§ **Your instructions**:
For this exercise, the lines from the one with "USB кабель Hoco X5 Bamboo micro USB 1m білий" through the end of the material below must be output exactly, without pictures.

§ **Provided data**:
= Beginning of Section =
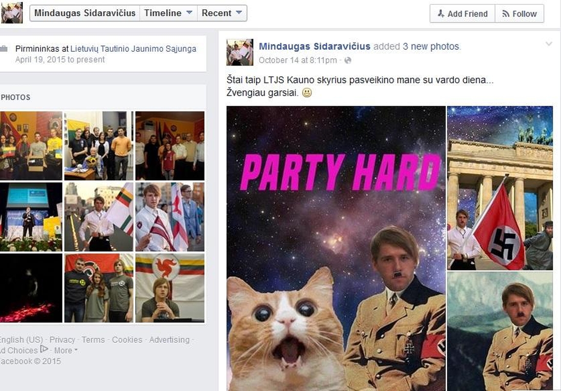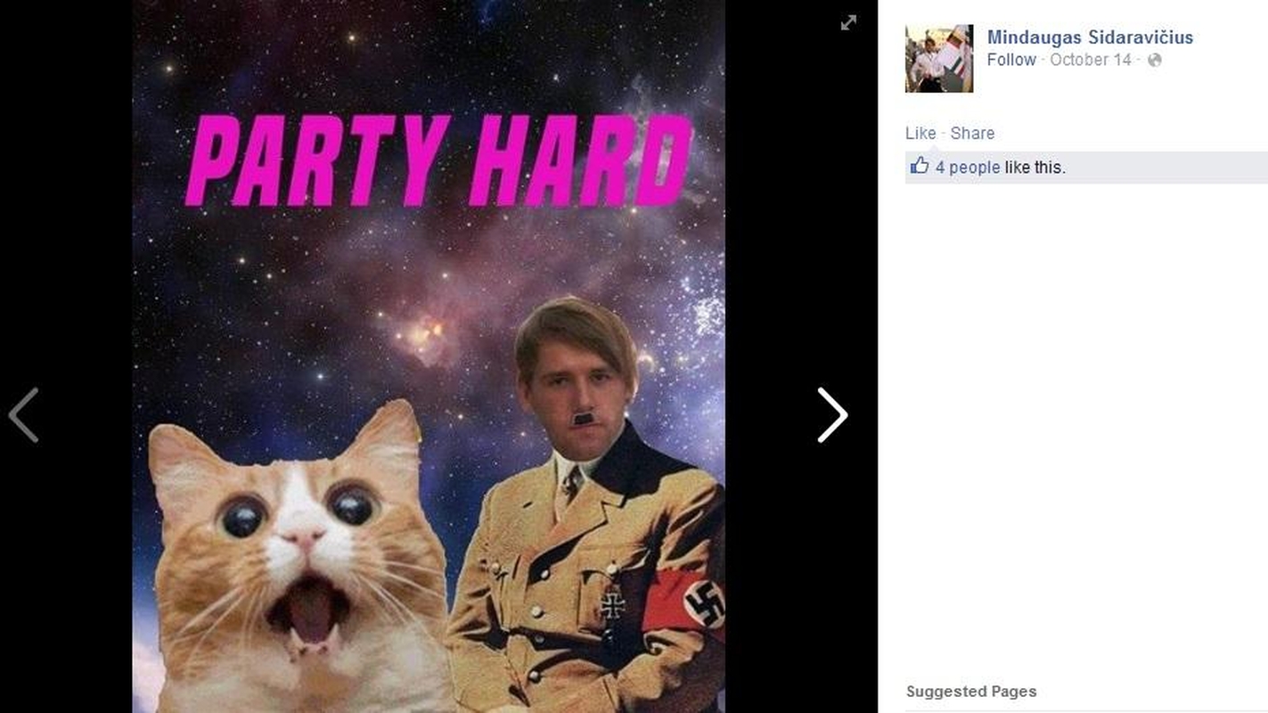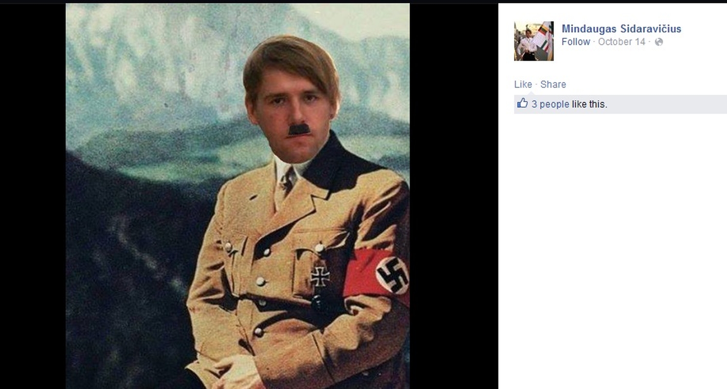 "Štai taip LTJS Kauno skyrius pasveikino mane su vardo diena… Žvengiau garsiai", – rašo sąjungos pirmininkas Mindaugas Sidaravičius savo atvirame "Facebook" profilyje. Nacionalisto juoką sukėlė trys nuotraukos, kuriose jis vaizduojamas kaip A.Hitleris. Dviejose nuotraukose jis ryši SS raištį, o trečioje – stovi prie Branderburgo vartų Berlyne ir neša SS vėliavą, o jam už nugaros bėga chrestomatiškai pavaizduotas žydas.
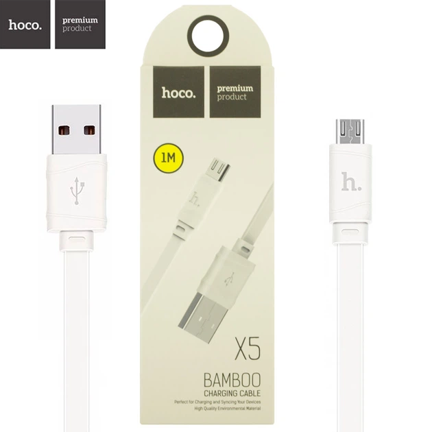 USB кабель Hoco X5 Bamboo micro USB 1m білий
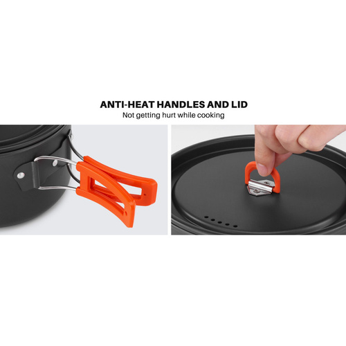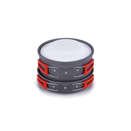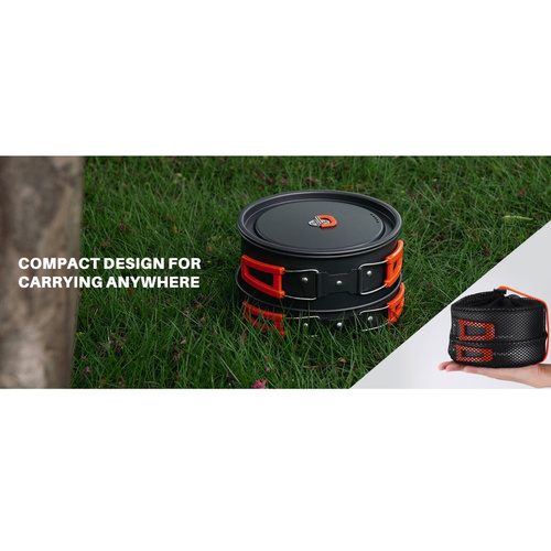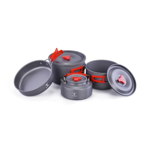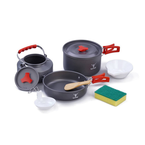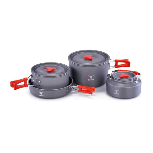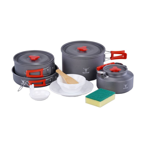 این ست ظروف 15 پارچه با طراحی کله گاوی، همراهی کامل برای سفرها و ماجراجوییهای شما است. این مجموعه شامل پنج کاسه پلاستیکی، یک قابلمه 2 لیتری، یک قابلمه 3 لیتری، یک ماهیتابه، سه درپوش (دو درپوش برای قابلمهها و یکی برای کتری) و یک قاشق بامبو است. این ست برای فعالیتهایی نظیر پیادهروی، کولهپشتی، کمپینگ و هر گونه فعالیت دیگر در فضای باز، ایدهآل و کاربردی است. این ست ظروف با وجود 15 پارچه، به راحتی حمل و نقل میشود. قابلمه و ماهیتابهها از آلومینیوم آنودایز ساخته شدهاند که غیرسمی و سبک هستند و دارای پوشش نچسب برای استفاده و تمیز کردن آسانتر میباشند. دستههای تاشو و حرارتی ایزوله شده در هر قطعه، باعث میشود که دستهای شما نسوزد و تجربه آشپزی راحتتری داشته باشید. این ست فوقالعاده قابل حمل است و با طراحی تاشو و جمعوجور، میتواند به آسانی در کولهپشتی جا شود و تمامی اشیای موجود در این مجموعه در یک کیسه توری جمع شده و حمل آنها بسیار راحت است. این ست ظروف آشپزی برای کسانی که عاشق کمپینگ و فعالیتهای بیرونی با خانواده و دوستان هستند، طراحی شده است. این ست با وجود وزن سبک و قابلیت حمل آسان، گزینهای عالی برای کمپینگ، پیادهروی، کولهپشتی، پیکنیک و سایر فعالیتهای در فضای باز میباشد. این ست شما را قادر میسازد تا هر نوع وعده غذایی را در هر جایی که هستید، به آسانی آماده کنید و از آشپزی در طبیعت لذت ببرید
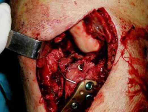 Для метадиафизарной части этого повреждения обнажение перелома с анатомичной репозицией не является абсолютно необходимым, и, более того, неизбежно приведёт к деваскуляризации кости и возможным проблемам с заживлением перелома. Для этой части перелома желательно шинирование без обнажения зоны перелома. Шинирование может быть интрамедуллярным соответствующим гвоздём или экстрамедуллярным (пластиной или аппаратом внешней фиксации). Главное для метадиафизарной части перелома - это восстановление длины, оси конечности с правильной ротационной установкой и достижением относительной стабильности.
= End of Section =
§ **Response for this exercise**:
 USB кабель Hoco X5 Bamboo micro USB 1m білий
 این ست ظروف 15 پارچه با طراحی کله گاوی، همراهی کامل برای سفرها و ماجراجوییهای شما است. این مجموعه شامل پنج کاسه پلاستیکی، یک قابلمه 2 لیتری، یک قابلمه 3 لیتری، یک ماهیتابه، سه درپوش (دو درپوش برای قابلمهها و یکی برای کتری) و یک قاشق بامبو است. این ست برای فعالیتهایی نظیر پیادهروی، کولهپشتی، کمپینگ و هر گونه فعالیت دیگر در فضای باز، ایدهآل و کاربردی است. این ست ظروف با وجود 15 پارچه، به راحتی حمل و نقل میشود. قابلمه و ماهیتابهها از آلومینیوم آنودایز ساخته شدهاند که غیرسمی و سبک هستند و دارای پوشش نچسب برای استفاده و تمیز کردن آسانتر میباشند. دستههای تاشو و حرارتی ایزوله شده در هر قطعه، باعث میشود که دستهای شما نسوزد و تجربه آشپزی راحتتری داشته باشید. این ست فوقالعاده قابل حمل است و با طراحی تاشو و جمعوجور، میتواند به آسانی در کولهپشتی جا شود و تمامی اشیای موجود در این مجموعه در یک کیسه توری جمع شده و حمل آنها بسیار راحت است. این ست ظروف آشپزی برای کسانی که عاشق کمپینگ و فعالیتهای بیرونی با خانواده و دوستان هستند، طراحی شده است. این ست با وجود وزن سبک و قابلیت حمل آسان، گزینهای عالی برای کمپینگ، پیادهروی، کولهپشتی، پیکنیک و سایر فعالیتهای در فضای باز میباشد. این ست شما را قادر میسازد تا هر نوع وعده غذایی را در هر جایی که هستید، به آسانی آماده کنید و از آشپزی در طبیعت لذت ببرید
 Для метадиафизарной части этого повреждения обнажение перелома с анатомичной репозицией не является абсолютно необходимым, и, более того, неизбежно приведёт к деваскуляризации кости и возможным проблемам с заживлением перелома. Для этой части перелома желательно шинирование без обнажения зоны перелома. Шинирование может быть интрамедуллярным соответствующим гвоздём или экстрамедуллярным (пластиной или аппаратом внешней фиксации). Главное для метадиафизарной части перелома - это восстановление длины, оси конечности с правильной ротационной установкой и достижением относительной стабильности.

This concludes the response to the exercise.